WHAT TO PRODUCE ▸ Leaving out every picture, copy the lines of the data exactly, from the first through the line containing "Vibrant pots sit".

Collected data:
"""
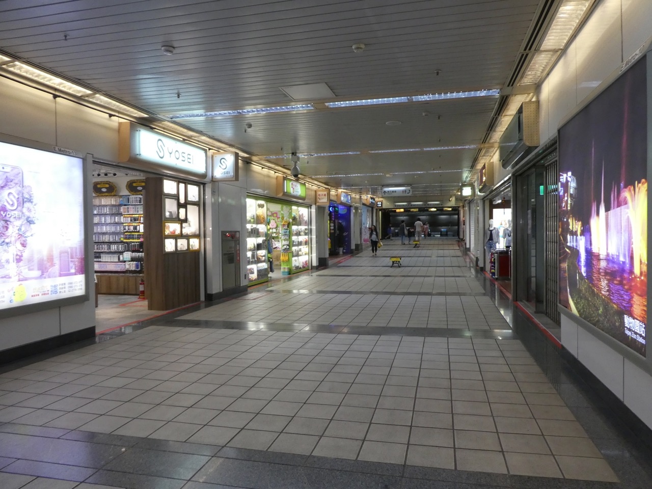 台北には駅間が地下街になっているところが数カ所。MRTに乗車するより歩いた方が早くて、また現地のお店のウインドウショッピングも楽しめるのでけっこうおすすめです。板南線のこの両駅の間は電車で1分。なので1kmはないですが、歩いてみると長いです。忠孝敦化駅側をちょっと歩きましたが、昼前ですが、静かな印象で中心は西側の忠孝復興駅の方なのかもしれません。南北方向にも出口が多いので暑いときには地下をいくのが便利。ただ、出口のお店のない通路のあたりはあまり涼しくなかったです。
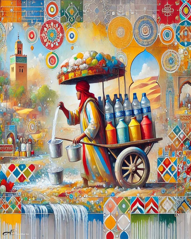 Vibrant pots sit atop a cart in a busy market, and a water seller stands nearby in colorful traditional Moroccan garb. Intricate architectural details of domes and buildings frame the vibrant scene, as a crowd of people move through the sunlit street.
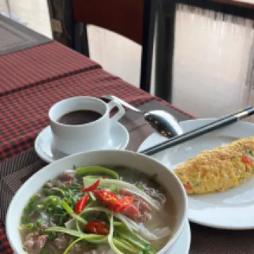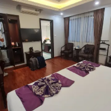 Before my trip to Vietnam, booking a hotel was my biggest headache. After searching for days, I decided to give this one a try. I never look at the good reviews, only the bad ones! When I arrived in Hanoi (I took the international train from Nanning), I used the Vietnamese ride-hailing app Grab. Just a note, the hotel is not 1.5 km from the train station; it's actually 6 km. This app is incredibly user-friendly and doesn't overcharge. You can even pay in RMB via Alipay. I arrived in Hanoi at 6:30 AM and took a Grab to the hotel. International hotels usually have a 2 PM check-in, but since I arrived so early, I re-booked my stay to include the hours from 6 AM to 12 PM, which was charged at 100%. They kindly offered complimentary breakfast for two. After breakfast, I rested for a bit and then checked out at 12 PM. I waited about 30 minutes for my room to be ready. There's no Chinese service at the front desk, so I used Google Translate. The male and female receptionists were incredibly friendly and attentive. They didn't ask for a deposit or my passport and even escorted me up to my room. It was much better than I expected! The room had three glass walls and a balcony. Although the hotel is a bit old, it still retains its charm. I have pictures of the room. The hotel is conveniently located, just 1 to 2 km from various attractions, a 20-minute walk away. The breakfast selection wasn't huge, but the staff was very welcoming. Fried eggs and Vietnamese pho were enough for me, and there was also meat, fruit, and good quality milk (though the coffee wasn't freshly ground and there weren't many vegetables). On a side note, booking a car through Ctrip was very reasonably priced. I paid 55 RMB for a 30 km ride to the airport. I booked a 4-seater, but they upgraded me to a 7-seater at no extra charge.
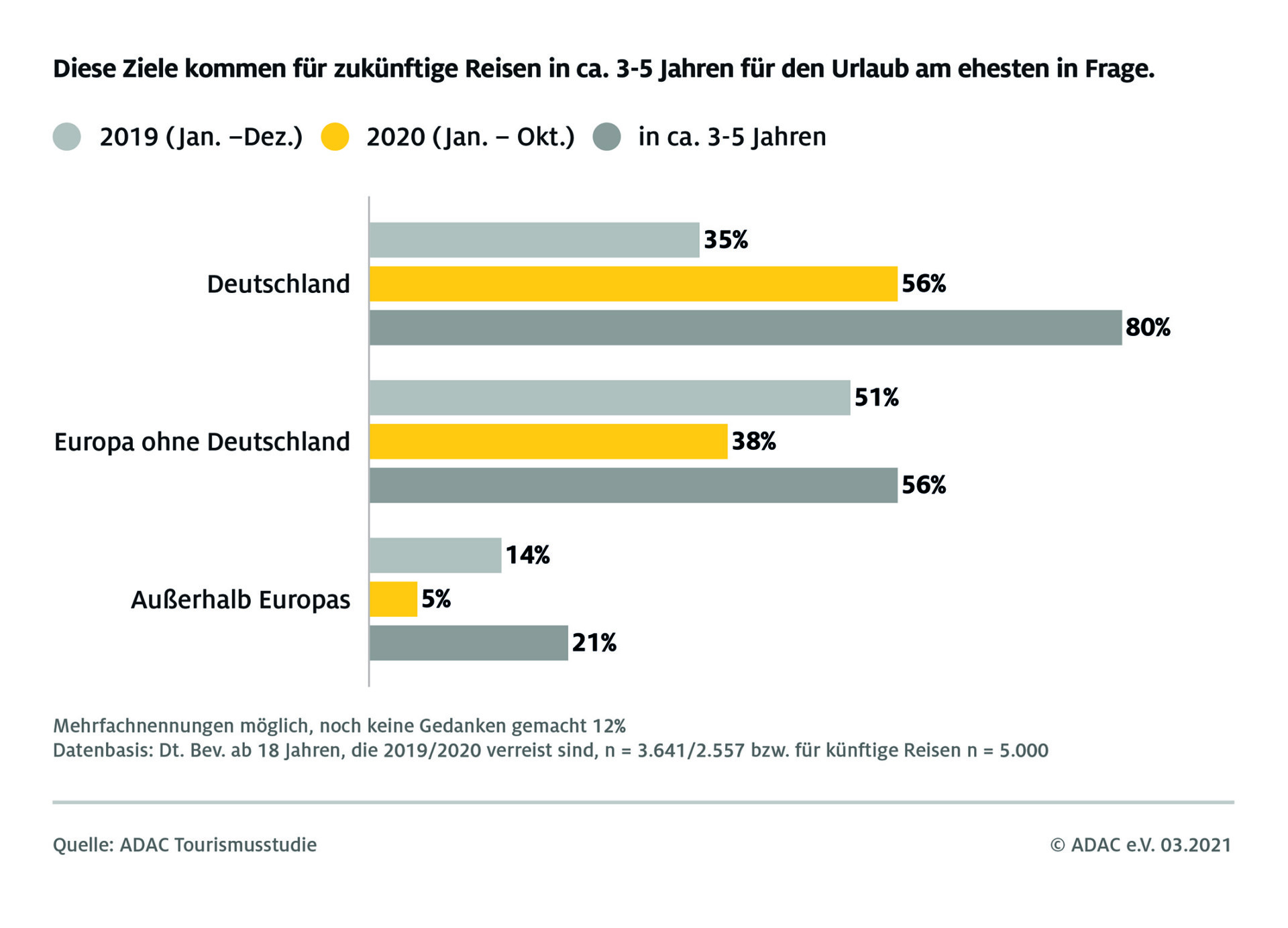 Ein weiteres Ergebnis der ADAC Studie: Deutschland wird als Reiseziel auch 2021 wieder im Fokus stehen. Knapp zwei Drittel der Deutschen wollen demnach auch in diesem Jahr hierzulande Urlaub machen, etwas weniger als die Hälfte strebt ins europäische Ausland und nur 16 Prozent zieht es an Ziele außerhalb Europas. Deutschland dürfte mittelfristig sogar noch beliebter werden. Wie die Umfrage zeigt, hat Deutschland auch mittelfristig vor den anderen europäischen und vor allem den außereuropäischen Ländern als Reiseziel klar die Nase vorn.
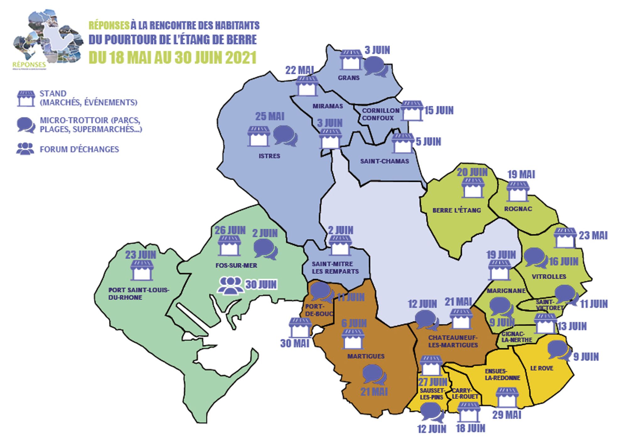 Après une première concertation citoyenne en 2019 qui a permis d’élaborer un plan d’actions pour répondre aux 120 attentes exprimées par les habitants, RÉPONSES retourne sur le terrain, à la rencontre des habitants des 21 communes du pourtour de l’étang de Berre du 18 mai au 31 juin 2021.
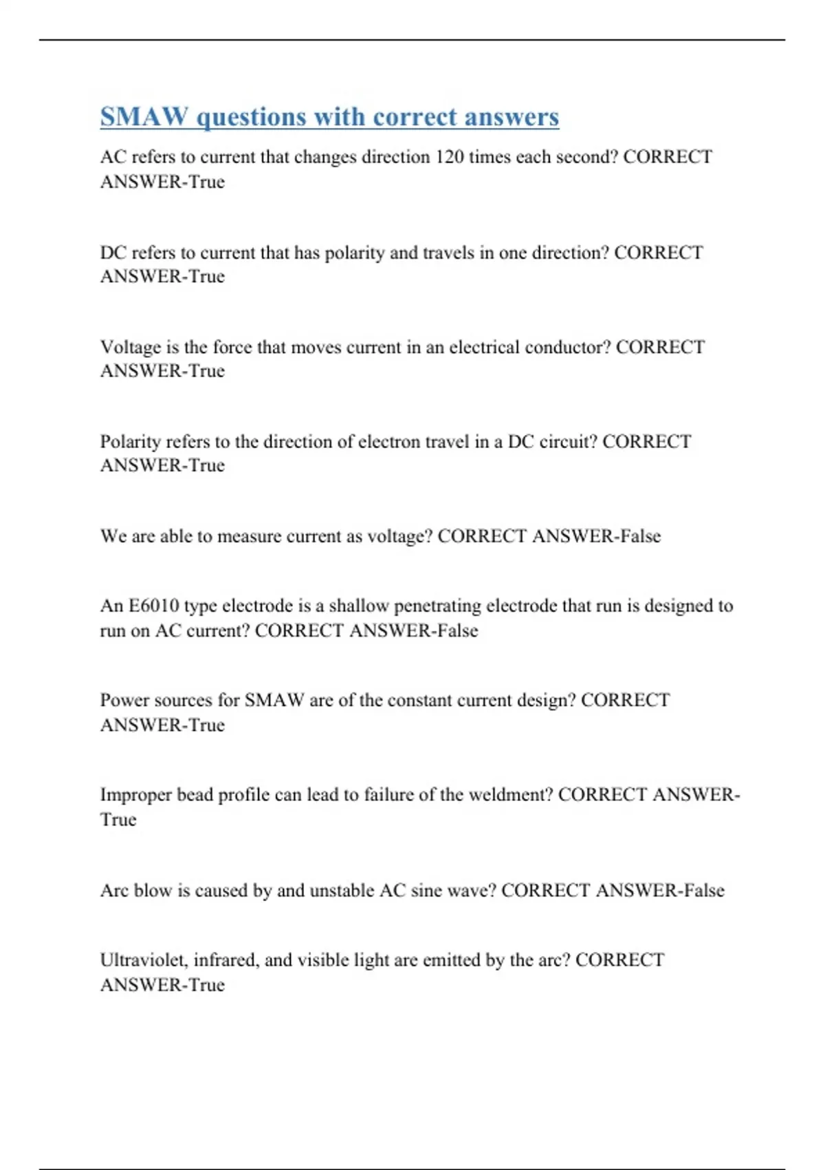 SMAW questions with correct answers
"""
ANSWER BOX ▸
 台北には駅間が地下街になっているところが数カ所。MRTに乗車するより歩いた方が早くて、また現地のお店のウインドウショッピングも楽しめるのでけっこうおすすめです。板南線のこの両駅の間は電車で1分。なので1kmはないですが、歩いてみると長いです。忠孝敦化駅側をちょっと歩きましたが、昼前ですが、静かな印象で中心は西側の忠孝復興駅の方なのかもしれません。南北方向にも出口が多いので暑いときには地下をいくのが便利。ただ、出口のお店のない通路のあたりはあまり涼しくなかったです。
 Vibrant pots sit atop a cart in a busy market, and a water seller stands nearby in colorful traditional Moroccan garb. Intricate architectural details of domes and buildings frame the vibrant scene, as a crowd of people move through the sunlit street.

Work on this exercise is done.